Task to carry out:
Below are entries with pictures in them. Output exactly the lines starting at the line with "4、在賬戶安全頁,點擊登錄密碼右側的【設置】,即可進入界面修改密碼。" and ending at the line with "ヘッドライトトップステッカー マット調 ホンダ", both included, but not the pictures.

━━━━━ Records for the exercise

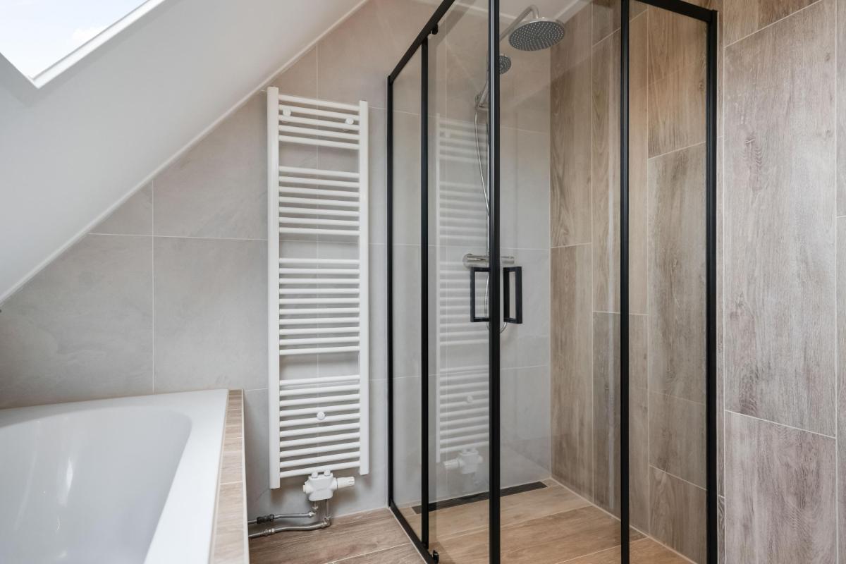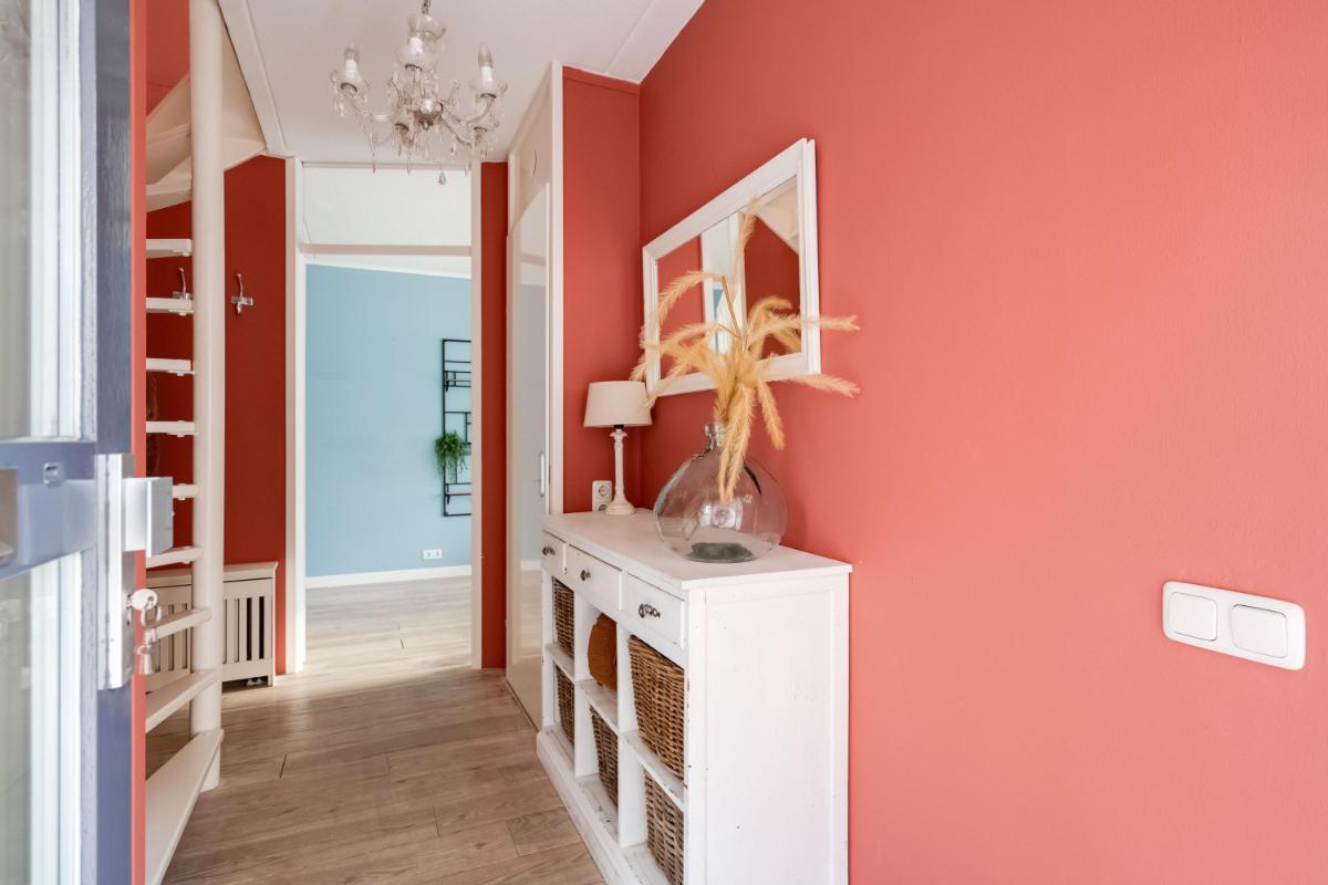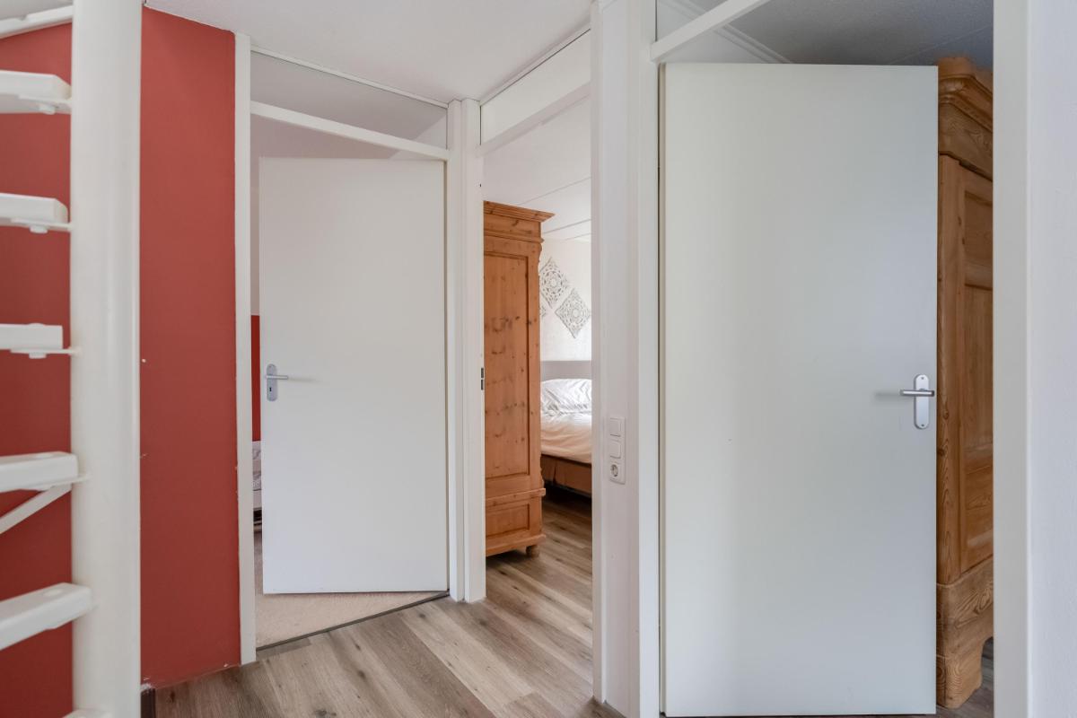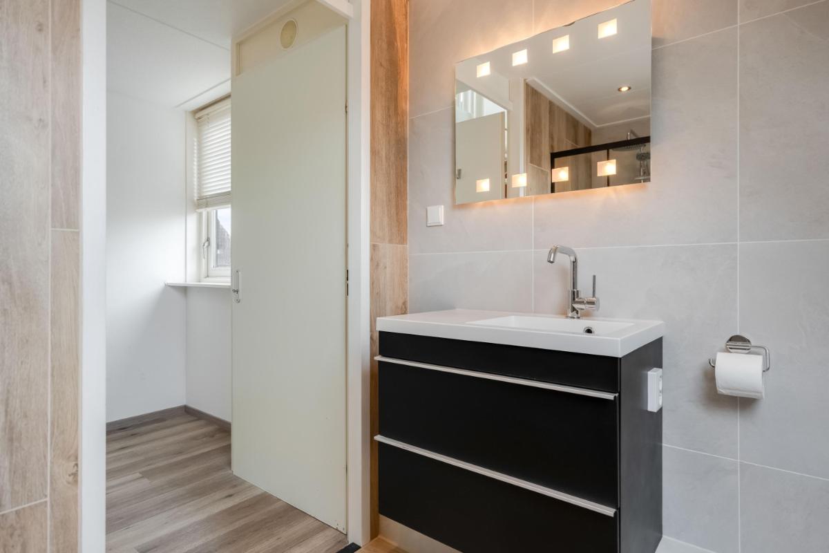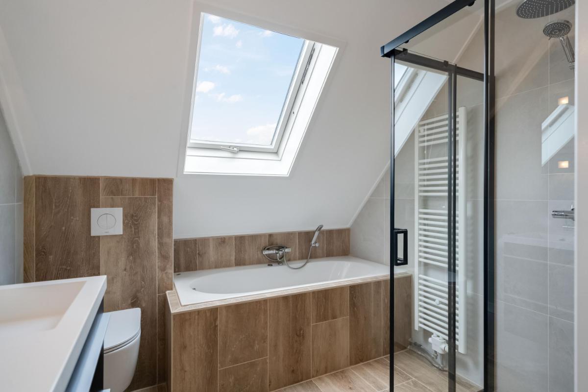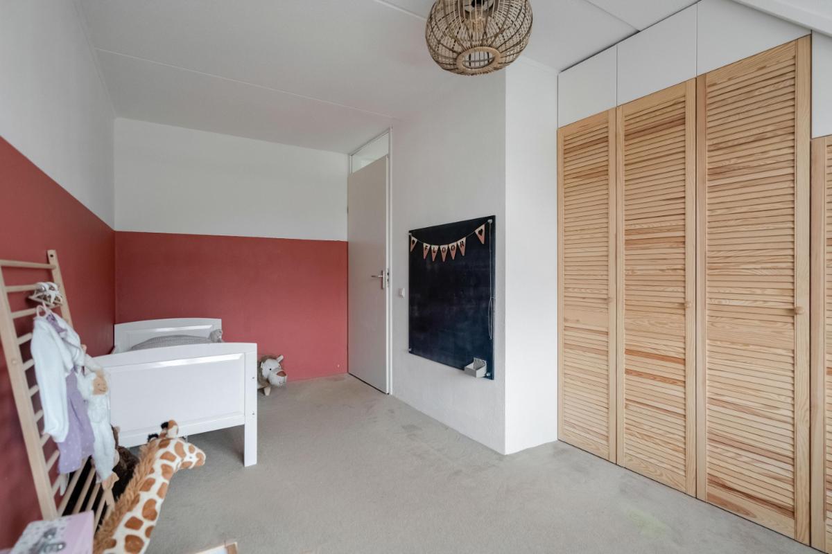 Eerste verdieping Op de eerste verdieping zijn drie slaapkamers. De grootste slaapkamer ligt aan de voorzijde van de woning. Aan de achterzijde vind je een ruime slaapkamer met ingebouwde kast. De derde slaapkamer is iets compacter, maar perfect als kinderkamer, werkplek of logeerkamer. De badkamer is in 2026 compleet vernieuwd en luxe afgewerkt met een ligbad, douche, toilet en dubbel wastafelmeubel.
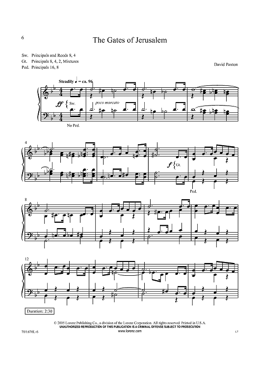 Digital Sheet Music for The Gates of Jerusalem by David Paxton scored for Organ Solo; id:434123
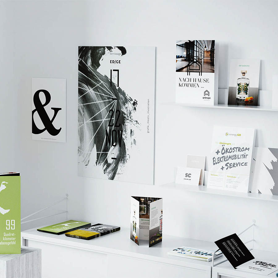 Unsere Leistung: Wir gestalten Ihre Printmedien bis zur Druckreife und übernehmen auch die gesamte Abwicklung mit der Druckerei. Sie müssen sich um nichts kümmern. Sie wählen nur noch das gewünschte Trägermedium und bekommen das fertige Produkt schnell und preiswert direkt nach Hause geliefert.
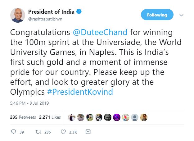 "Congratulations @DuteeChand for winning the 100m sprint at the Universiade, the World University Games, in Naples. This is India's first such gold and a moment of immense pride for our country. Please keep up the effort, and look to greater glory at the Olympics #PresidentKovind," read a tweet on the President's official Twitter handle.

━━━━━━━━━━
━━━━━ Records for the exercise

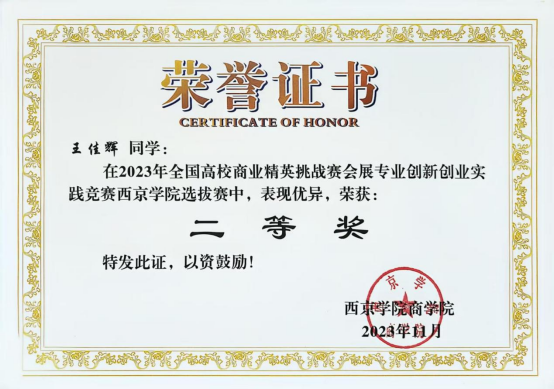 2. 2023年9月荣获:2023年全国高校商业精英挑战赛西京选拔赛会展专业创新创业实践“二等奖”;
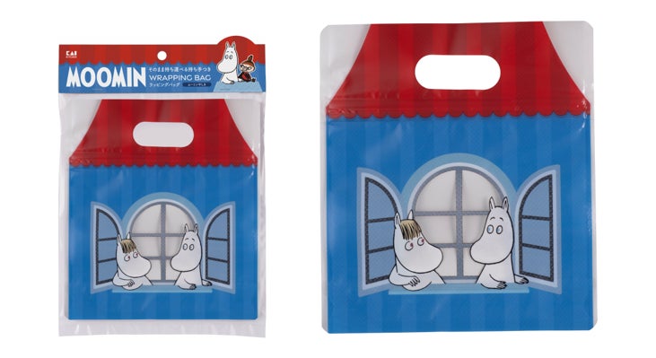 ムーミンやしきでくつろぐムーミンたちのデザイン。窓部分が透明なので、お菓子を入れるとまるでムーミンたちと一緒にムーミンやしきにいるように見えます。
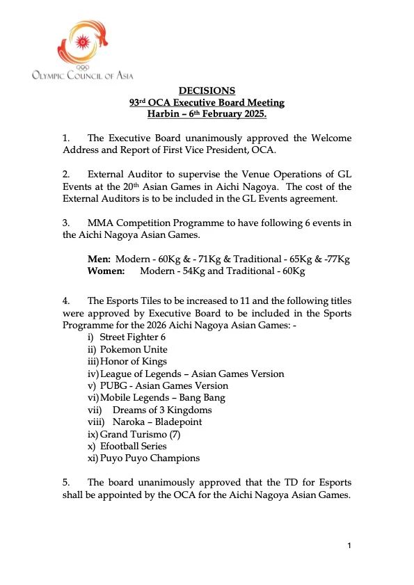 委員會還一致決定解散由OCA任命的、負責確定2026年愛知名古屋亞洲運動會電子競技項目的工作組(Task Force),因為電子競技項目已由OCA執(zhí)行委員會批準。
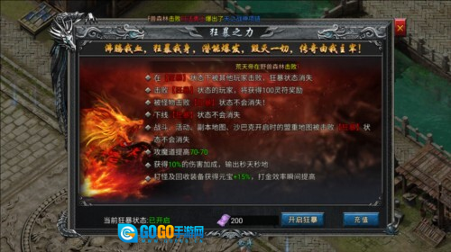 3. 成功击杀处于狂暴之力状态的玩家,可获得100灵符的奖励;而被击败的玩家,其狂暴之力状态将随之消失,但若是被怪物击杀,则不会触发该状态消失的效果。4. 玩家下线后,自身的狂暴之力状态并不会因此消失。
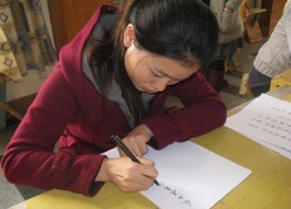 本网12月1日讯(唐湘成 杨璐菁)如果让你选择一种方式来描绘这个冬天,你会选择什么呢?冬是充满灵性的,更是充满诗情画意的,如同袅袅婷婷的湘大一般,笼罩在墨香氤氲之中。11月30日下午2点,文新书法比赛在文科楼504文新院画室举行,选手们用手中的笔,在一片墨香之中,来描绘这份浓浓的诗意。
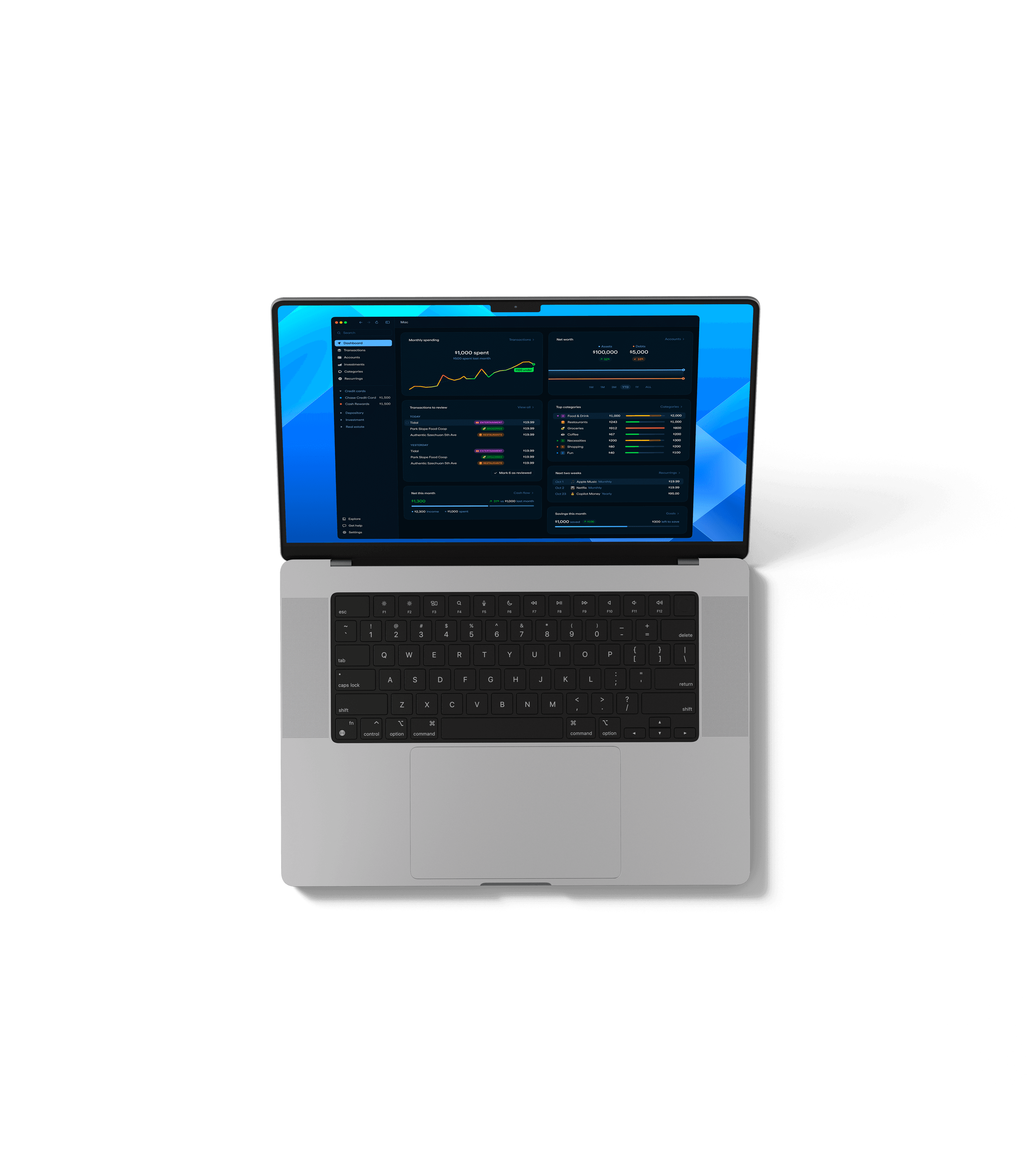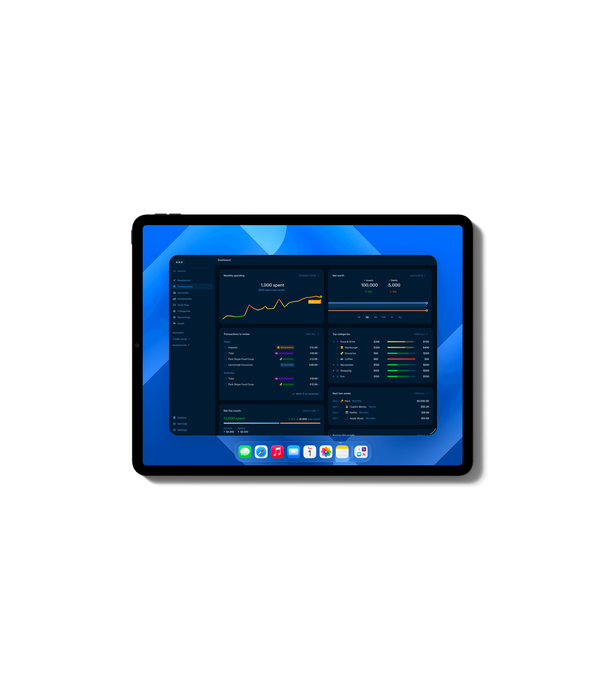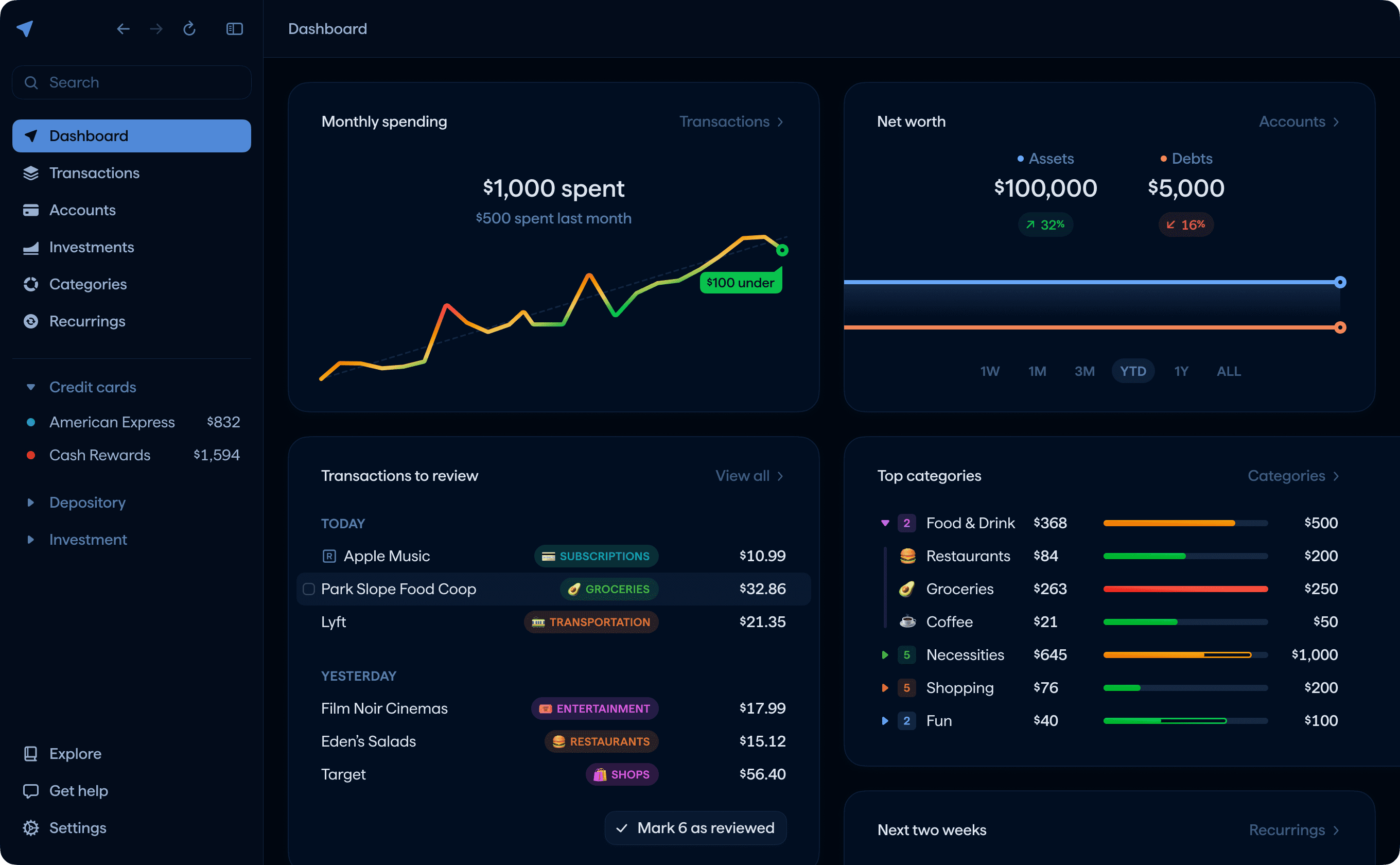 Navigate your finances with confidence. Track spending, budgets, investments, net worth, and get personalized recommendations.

━━━━━━━━━━
━━━━━ Records for the exercise

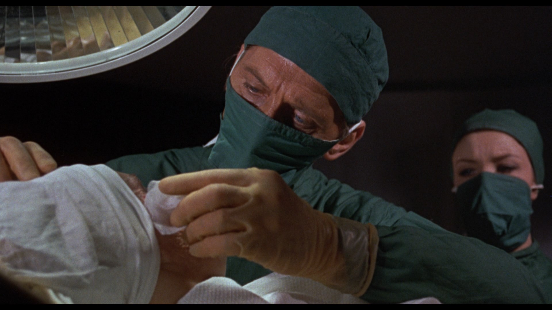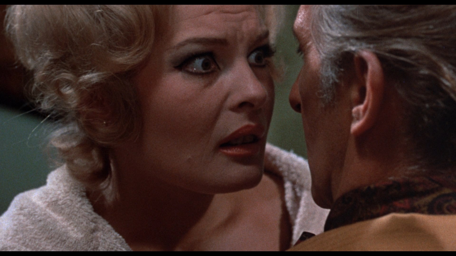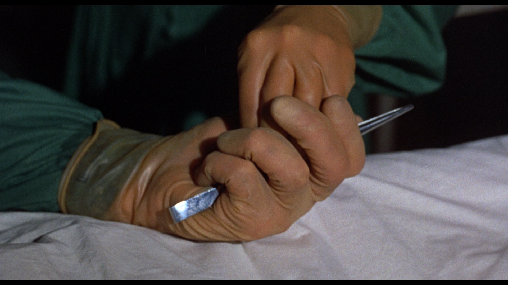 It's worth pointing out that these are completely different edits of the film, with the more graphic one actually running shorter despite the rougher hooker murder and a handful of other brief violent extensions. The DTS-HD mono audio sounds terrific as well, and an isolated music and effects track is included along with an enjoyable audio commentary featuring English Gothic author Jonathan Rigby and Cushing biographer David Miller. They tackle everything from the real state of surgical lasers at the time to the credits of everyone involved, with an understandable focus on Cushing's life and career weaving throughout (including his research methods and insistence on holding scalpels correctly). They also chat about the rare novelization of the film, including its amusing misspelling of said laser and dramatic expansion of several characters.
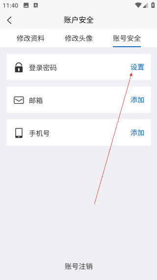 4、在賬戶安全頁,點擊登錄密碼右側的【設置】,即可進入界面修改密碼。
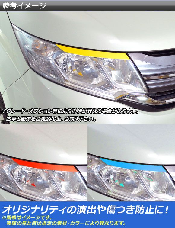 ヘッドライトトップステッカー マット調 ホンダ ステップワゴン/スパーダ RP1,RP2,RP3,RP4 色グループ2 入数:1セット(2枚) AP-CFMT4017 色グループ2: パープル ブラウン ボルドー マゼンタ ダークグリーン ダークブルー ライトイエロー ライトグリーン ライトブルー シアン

━━━━━━━━━━

Answer section:
 4、在賬戶安全頁,點擊登錄密碼右側的【設置】,即可進入界面修改密碼。
 ヘッドライトトップステッカー マット調 ホンダ ステップワゴン/スパーダ RP1,RP2,RP3,RP4 色グループ2 入数:1セット(2枚) AP-CFMT4017 色グループ2: パープル ブラウン ボルドー マゼンタ ダークグリーン ダークブルー ライトイエロー ライトグリーン ライトブルー シアン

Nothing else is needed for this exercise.